A family whose daughter died after being denied the main disability benefit have been awarded £10,000 in damages.
Victoria Smith, 33, of Market Drayton, passed away last July just weeks after being told she was not eligible for Personal Independence Payments (PIP).
Her family sued Capita for making inaccurate statements on Ms Smith's health assessment.
Capita told the BBC it stood by the original decision.
Ms Smith's mother, Sue Kemlo, told the BBC: "If they hadn't cut her PIP, my daughter would still be here."
Ms Smith suffered from agoraphobia and fibromyalgia, which left her body in constant pain.
The Department for Work and Pensions (DWP) wrote to her in early 2018 to tell her she needed to be re-assessed for the benefit, which is intended to help with the additional costs of having a disability.
As part of the process, in March she was assessed at home by a healthcare professional employed by Capita.
The assessment led the DWP to decide Ms Smith was no longer eligible for PIP, a conclusion her mother said "was a pack of lies".
Ms Smith immediately appealed, but was again turned down by the DWP. She received the decision in June, shortly after she was admitted to hospital.
The decision "destroyed" her, said Mrs Kemlo.
"When they took away her ability to look after herself, to have a way of life, she gave up."
'Admit they were wrong'
On 8 July, Ms Smith died of a brain haemorrhage, but doctors told the family her underlying conditions, particularly the fibromyalgia, had deteriorated as well.
The week after she died, a tribunal decided she was eligible for PIP.
Furious with the conclusions the Capita employee had reached, Mrs Kemlo took legal action against the company for maladministration; in essence making inaccurate statements.
The family has now been awarded £10,000 in damages.
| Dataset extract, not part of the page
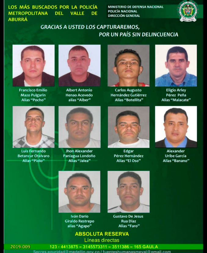Según el General Eliécer Camacho, comandante de la Meval, los sujetos pertenecen a las bandas delincuenciales ‘Pachelly’, ‘Los Mesa’ y ‘Niquia Camacol’, quienes actualmente se disputan el territorio al norte del Valle de Aburrá.

"I didn't do it for the money," said Mrs Kemlo. "I did it for them to admit they were wrong, to get some justice for my daughter, because (it's) only ever been about justice for Victoria."
In a statement, Capita told the BBC: "We offer our deepest condolences to the family in this very tragic case.
"We have reviewed this at a senior clinical level and we are confident that our report was correct based on the information presented to us at the time of the assessment.
"Our full response to the claim was not considered by the Court as a result of a procedural issue, and as a consequence judgment in default has been entered into against us.
"We have asked the Court to investigate the procedural issue and we are expecting a response from the Court shortly."